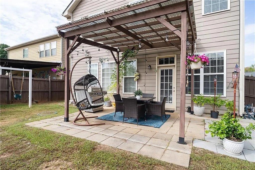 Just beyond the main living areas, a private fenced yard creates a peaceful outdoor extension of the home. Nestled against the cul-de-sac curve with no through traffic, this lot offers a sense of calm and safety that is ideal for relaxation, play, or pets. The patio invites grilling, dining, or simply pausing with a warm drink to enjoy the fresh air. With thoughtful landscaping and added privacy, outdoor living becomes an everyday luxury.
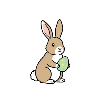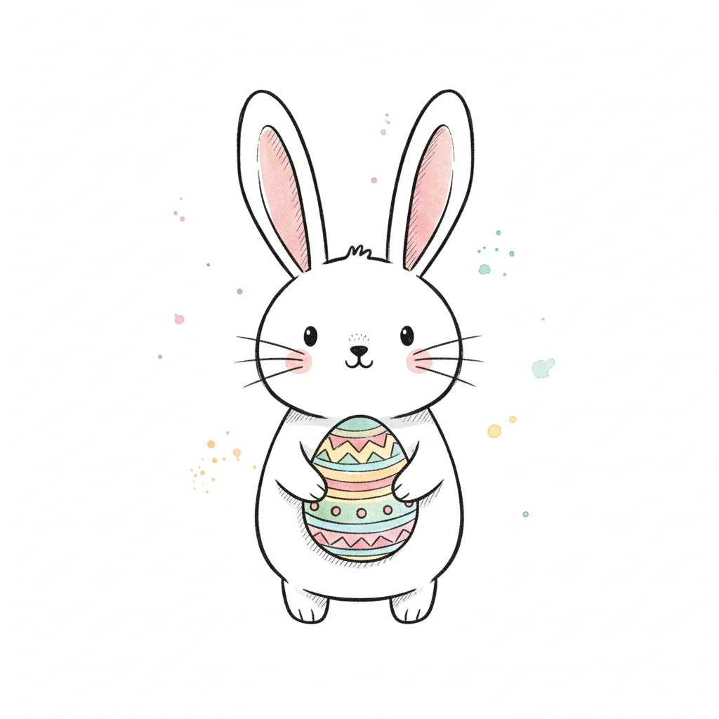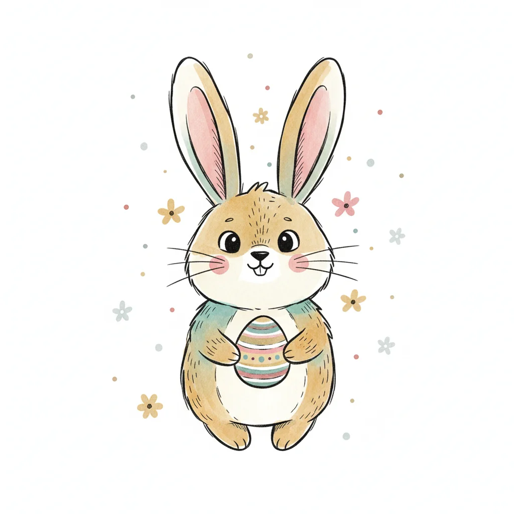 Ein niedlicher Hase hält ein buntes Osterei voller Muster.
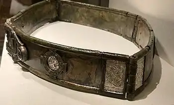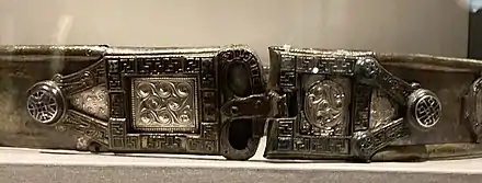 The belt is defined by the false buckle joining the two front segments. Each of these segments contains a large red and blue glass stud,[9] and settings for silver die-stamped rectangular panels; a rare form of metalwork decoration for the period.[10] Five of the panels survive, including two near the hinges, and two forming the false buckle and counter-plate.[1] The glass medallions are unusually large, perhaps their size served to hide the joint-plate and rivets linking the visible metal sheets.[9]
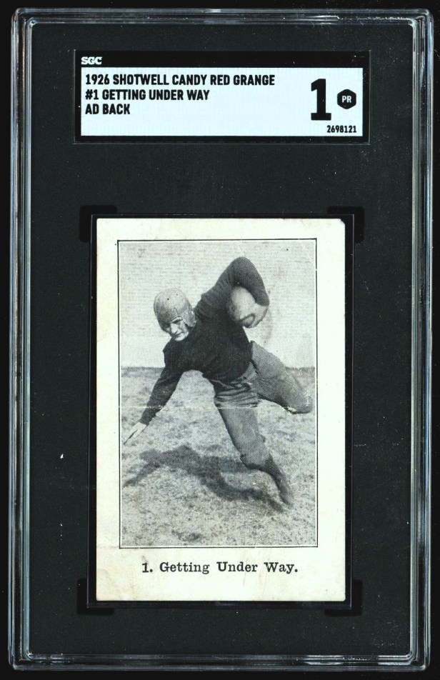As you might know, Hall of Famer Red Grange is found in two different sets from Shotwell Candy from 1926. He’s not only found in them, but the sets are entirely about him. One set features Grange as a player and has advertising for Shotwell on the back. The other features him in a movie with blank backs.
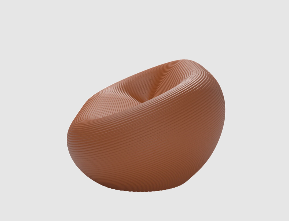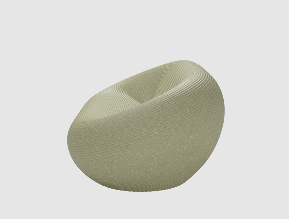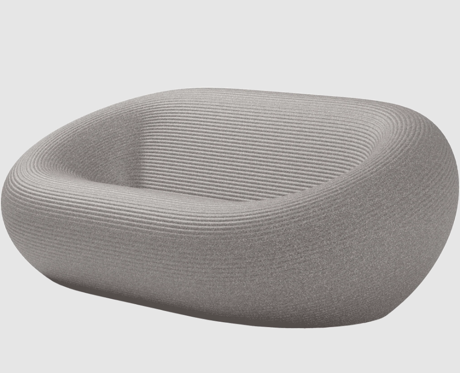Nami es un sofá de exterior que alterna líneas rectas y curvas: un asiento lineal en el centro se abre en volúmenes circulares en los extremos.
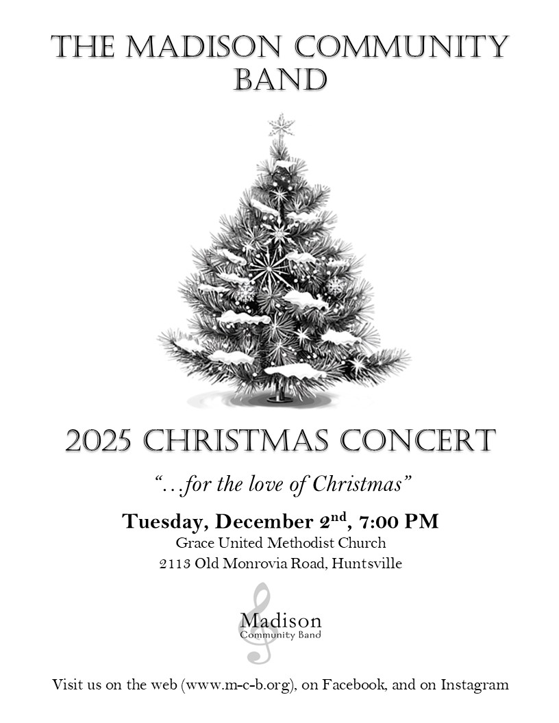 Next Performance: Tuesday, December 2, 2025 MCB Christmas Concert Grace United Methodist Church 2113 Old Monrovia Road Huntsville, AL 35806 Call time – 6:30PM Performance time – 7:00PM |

▶ **Try it**
Using the records above, copy exactly and only the lines from the line with "As you might" through the end, both included; leave every picture out.

▶ **Solution below**
As you might know, Hall of Famer Red Grange is found in two different sets from Shotwell Candy from 1926. He’s not only found in them, but the sets are entirely about him. One set features Grange as a player and has advertising for Shotwell on the back. The other features him in a movie with blank backs.
Nami es un sofá de exterior que alterna líneas rectas y curvas: un asiento lineal en el centro se abre en volúmenes circulares en los extremos.
 Next Performance: Tuesday, December 2, 2025 MCB Christmas Concert Grace United Methodist Church 2113 Old Monrovia Road Huntsville, AL 35806 Call time – 6:30PM Performance time – 7:00PM |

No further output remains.